Barney: "The Thankstini. A fun and delicious new novelty drink I invented. Cranberry juice, potato vodka, and a bouillon cube. Tastes just like a turkey dinner."
1 part vodka
2 parts cranberry juice
1 bouillon cube (chicken)
Vodka-cranberries are awesome. I don't care who you are; if you don't like vodka-cranberry, you can go drown in a sea of dicks. The Thankstini was almost no exception.
I used diet cranberry because I care about my body, and also
because I made a mistake at the grocery store.
The exception manifested itself in that tiny red cube of ass right there. I made myself a typical vodka-cranberry in a shaker and poured it over the bouillon cube.
Just like grandma used to make Thanksgiving dinner.
The grandma we don't like to talk about.
The drink tasted awesome, and that was a problem. There was no conflict involved! If you want an article about me just drinking vodka-cranberries, I suggest you head on over to my Sex And The City fan blog. The problem is that a bouillon cube is essentially like if you ran your chicken stock through a car crusher. The dense little cube needs to be boiled in water for it to dissolve. Here, it was sitting in an ice-cold martini glass. So I solved this issue the way I solve most of my problems: I started jabbing it with a stick until it finally broke.
No bartender would be caught dead without a jabbin' stick.
Yeah, that's the stuff.
So now I had little chunks of poultry floating around, and I was ready for a proper shot at the Thankstini.
This is the face of a man who has died a thousand deaths with one sip.
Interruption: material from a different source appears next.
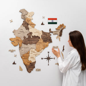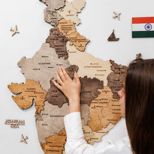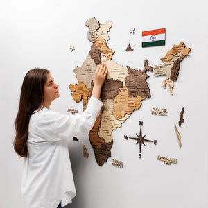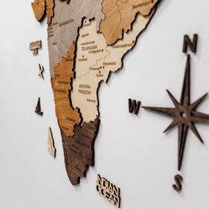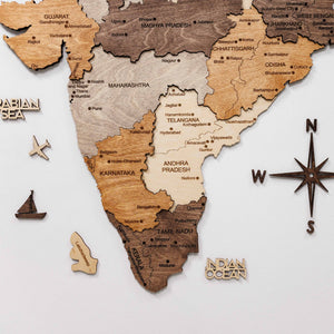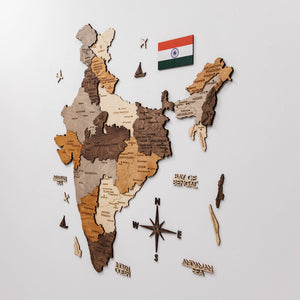 India 3D Wooden Map - Multicolor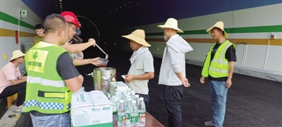 5 7月12日,在我省“县城通”高速项目——德(州)上(饶)高速石台至祁门段路面摊铺现场,项目办负责同志特意在隧道口阴凉位置设置了一处“清凉驿站”。 ■ 交控宣

And that's when my soul began escaping through my tear ducts. The bouillon cube almost completely cancels out the rest of the flavors. It tastes like vodka-flavored ramen, which sounds like it would be amazing but in reality is salty, chunky, and unpleasant. I was not drunk enough to endure this, so I ended up dumping most of it down the drain and then burned the glass out back in a cleansing ceremony, just for good measure.